◆ **Aim of the exercise**
Lines before the one containing "(通讯员 张婧怡 何梓如" are not wanted; restate the rest below word for word, through the last line, but drop any pictures.

--

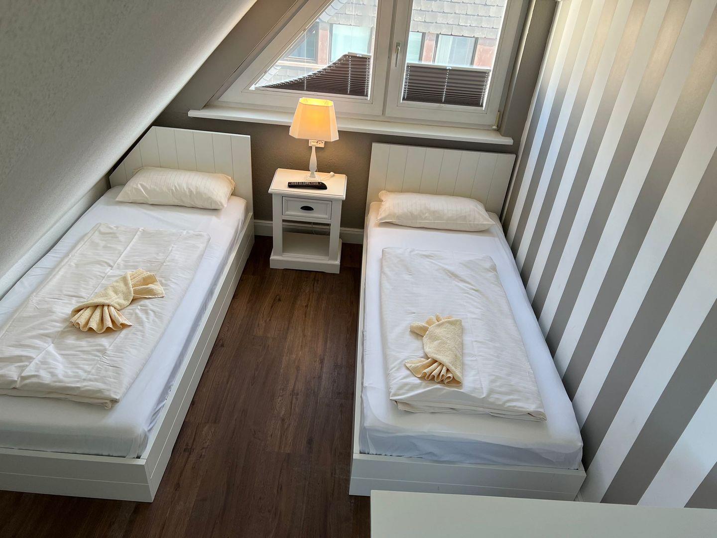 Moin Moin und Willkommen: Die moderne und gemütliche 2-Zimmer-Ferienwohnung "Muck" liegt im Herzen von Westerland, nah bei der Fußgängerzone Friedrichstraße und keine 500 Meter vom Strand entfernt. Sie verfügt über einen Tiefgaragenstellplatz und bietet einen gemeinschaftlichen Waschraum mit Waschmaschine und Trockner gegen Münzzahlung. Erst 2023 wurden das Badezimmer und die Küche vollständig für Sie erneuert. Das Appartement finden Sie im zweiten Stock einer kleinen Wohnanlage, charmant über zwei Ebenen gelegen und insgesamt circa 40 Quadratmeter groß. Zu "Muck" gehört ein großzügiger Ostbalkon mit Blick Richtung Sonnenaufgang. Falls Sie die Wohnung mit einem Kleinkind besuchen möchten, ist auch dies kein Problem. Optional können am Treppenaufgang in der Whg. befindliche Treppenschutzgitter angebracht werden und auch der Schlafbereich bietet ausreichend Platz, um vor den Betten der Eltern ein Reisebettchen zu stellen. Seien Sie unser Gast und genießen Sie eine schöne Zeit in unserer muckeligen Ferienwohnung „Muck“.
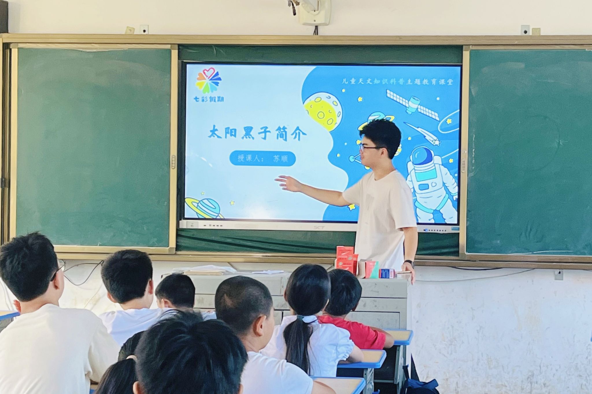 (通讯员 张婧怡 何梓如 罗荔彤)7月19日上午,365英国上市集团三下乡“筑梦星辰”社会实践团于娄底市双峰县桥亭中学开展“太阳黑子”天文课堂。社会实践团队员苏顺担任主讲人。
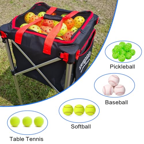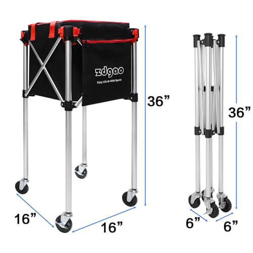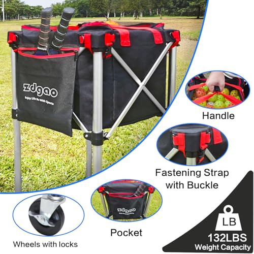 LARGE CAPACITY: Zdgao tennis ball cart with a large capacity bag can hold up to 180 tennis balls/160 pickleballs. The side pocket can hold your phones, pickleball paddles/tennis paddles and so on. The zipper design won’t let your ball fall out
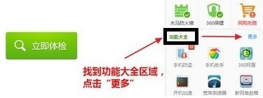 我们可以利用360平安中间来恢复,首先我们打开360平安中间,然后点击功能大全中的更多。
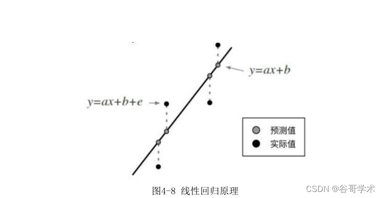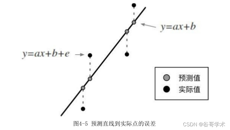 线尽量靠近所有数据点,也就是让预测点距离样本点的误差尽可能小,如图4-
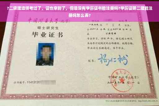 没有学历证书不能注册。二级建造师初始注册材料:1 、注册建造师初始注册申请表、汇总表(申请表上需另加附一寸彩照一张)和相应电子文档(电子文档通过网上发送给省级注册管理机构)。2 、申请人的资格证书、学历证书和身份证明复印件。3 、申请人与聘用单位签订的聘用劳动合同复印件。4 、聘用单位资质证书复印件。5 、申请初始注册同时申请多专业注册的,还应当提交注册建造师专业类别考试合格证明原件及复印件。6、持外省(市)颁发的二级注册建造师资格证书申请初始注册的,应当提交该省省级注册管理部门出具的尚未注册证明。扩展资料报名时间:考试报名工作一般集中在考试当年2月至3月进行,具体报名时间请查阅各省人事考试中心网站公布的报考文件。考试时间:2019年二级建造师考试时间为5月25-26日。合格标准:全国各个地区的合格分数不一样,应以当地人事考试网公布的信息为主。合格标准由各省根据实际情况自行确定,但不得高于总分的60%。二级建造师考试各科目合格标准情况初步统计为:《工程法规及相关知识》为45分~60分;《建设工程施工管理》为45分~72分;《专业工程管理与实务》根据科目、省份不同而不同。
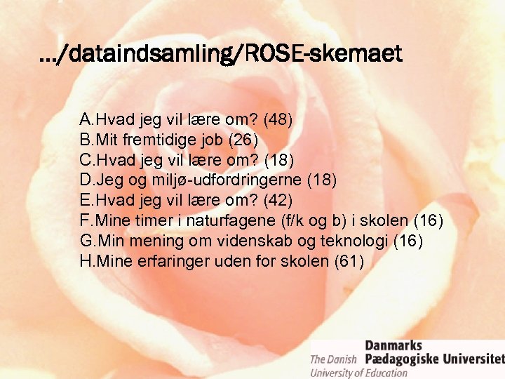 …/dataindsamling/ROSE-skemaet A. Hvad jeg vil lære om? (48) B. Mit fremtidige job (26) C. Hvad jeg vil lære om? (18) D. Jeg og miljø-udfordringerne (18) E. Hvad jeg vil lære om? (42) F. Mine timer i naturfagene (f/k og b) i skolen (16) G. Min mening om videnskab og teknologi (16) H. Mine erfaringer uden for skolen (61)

--

◆ **Task result**
 (通讯员 张婧怡 何梓如 罗荔彤)7月19日上午,365英国上市集团三下乡“筑梦星辰”社会实践团于娄底市双峰县桥亭中学开展“太阳黑子”天文课堂。社会实践团队员苏顺担任主讲人。
 LARGE CAPACITY: Zdgao tennis ball cart with a large capacity bag can hold up to 180 tennis balls/160 pickleballs. The side pocket can hold your phones, pickleball paddles/tennis paddles and so on. The zipper design won’t let your ball fall out
 我们可以利用360平安中间来恢复,首先我们打开360平安中间,然后点击功能大全中的更多。
 线尽量靠近所有数据点,也就是让预测点距离样本点的误差尽可能小,如图4-
 没有学历证书不能注册。二级建造师初始注册材料:1 、注册建造师初始注册申请表、汇总表(申请表上需另加附一寸彩照一张)和相应电子文档(电子文档通过网上发送给省级注册管理机构)。2 、申请人的资格证书、学历证书和身份证明复印件。3 、申请人与聘用单位签订的聘用劳动合同复印件。4 、聘用单位资质证书复印件。5 、申请初始注册同时申请多专业注册的,还应当提交注册建造师专业类别考试合格证明原件及复印件。6、持外省(市)颁发的二级注册建造师资格证书申请初始注册的,应当提交该省省级注册管理部门出具的尚未注册证明。扩展资料报名时间:考试报名工作一般集中在考试当年2月至3月进行,具体报名时间请查阅各省人事考试中心网站公布的报考文件。考试时间:2019年二级建造师考试时间为5月25-26日。合格标准:全国各个地区的合格分数不一样,应以当地人事考试网公布的信息为主。合格标准由各省根据实际情况自行确定,但不得高于总分的60%。二级建造师考试各科目合格标准情况初步统计为:《工程法规及相关知识》为45分~60分;《建设工程施工管理》为45分~72分;《专业工程管理与实务》根据科目、省份不同而不同。
 …/dataindsamling/ROSE-skemaet A. Hvad jeg vil lære om? (48) B. Mit fremtidige job (26) C. Hvad jeg vil lære om? (18) D. Jeg og miljø-udfordringerne (18) E. Hvad jeg vil lære om? (42) F. Mine timer i naturfagene (f/k og b) i skolen (16) G. Min mening om videnskab og teknologi (16) H. Mine erfaringer uden for skolen (61)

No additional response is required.